Can you then confirm that it is ok to wrap the existing duck-board with unfaced or faced fiberglass insulation? Can you also confirm that it is ok to cover the flex duck with blown-in insulation?

I'd really like to increase the duck-work efficiency and the above methods could be done fairly quickly. I however do not want to create some sort of mold issue, due to condensation, which is the concern as I've read. 

Thanks,
Ralph


----------



## user_12345a (Nov 23, 2014)

for best performance but highest initial cost, insulate the roof deck and close soffit vents.

otherwise, yah, do what you can with radiant barrier.

The danger of buying flex duct in insulation is you make the outer barrier of the duct too cold, resulting in condensation and water damage - rot, mold.

This can also be an issue with fiberglass on duct work unless the wrap is 100% air tight which it never is; would have better luck actually gluing foam to duct board to beef up the insulation.


----------



## NotYerUncleBob2 (Dec 29, 2017)

This is a duck:








This is a duct:


----------



## RochesterBen (Feb 5, 2018)

NotYerUncleBob2 said:


> This is a duck:
> 
> 
> 
> ...


:vs_laugh: I've been waiting for this!


----------



## Porsche986S (Dec 10, 2017)

My 2 cents keep the change :smile: In my last garage I had a mini split AC/heat system . My rafters were 2x4's and I had architectural shingles on the roof . In GA. just like AL. it gets very hot in the summers . That attic space just is roasting hot . I had conventional soffit vents and a ridge vent . On a whim I purchased off of Craigslist several rolls of radiant barrier . 

I simply stapled the radiant barrier to the bottom of the roof rafters creating a 3 1/2 " " air space " between the radiant barrier and the bottom of the roof deck . I only had R13 fiberglass kraft paper for insulation because I was going to add blown in but never did before we sold that house . I ran that mini split winter and summer and tracked electric cost usage , it averaged $20.00 a month more after I added the mini split to the garage . The garage was 24 x 26 with a peaked ceiling of 14 ' . I know for a fact that the addition of the radiant barrier helped . 

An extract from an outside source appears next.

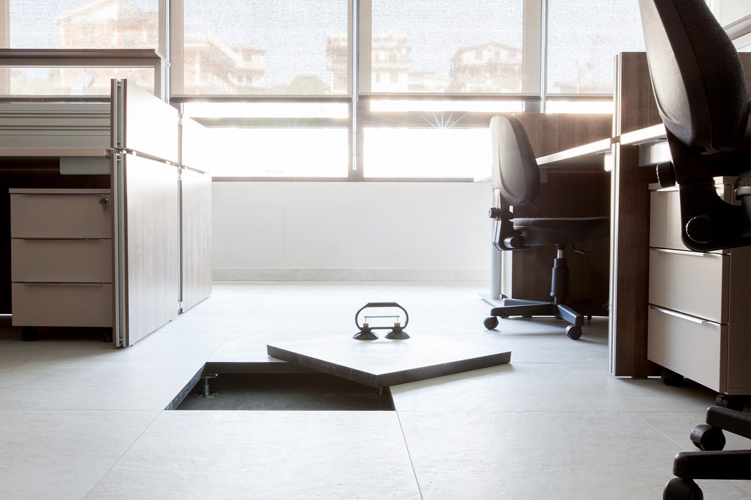 Piso elevado en gres porcelánico Nesite para la nueva sede del Grupo Geri HDP de Roma.

I can't say that it radiates 93 % back through the roof as the manufacturer claims but common sense say's that it will help . I am now building another two bay man cave garage that will also have a mini split for AC/heat along with a metal roof . The building started as a pole barn and also has 2x4 rafters with 2x4 perlons then the metal roof . I will again install radiant barrier to the underside of the rafters below the perlons . In this case I will have a 5 " air space between roof panels and barrier . Full length ridge vent and full length soffit vents . Sorry for the long reply just wanted you to know my experience with the barrier .


----------



## Ralph III (Oct 7, 2011)

Thanks Porsche!

I can get some radiant barrier fairly affordable off Ebay so will look to install some.

--------------------------------------------------------------------------------

In regards to insulating "duct" work in the attic. As I've read and stated here, you risk creating moisture/mold by wrapping insulation around the duct board or flex duct. However, what about just draping fiberglass (un-faced or faced) insulation over the duct work? Wouldn't that be similar to insulating the roof line but instead you are placing the barrier directly over the duct work? 

God Bless,
Ralph


----------



## Porsche986S (Dec 10, 2017)

Just to be clear I am a fan of the radiant barrier but it is just one piece of the puzzle . You rarely will get hurt by adding more insulation . Had I kept the previous house/garage I would have added more insulation to that garage ceiling as 3 1/2 " R13 is just not enough . In my new garage I will go at least R30 or more PLUS the radiant barrier .


----------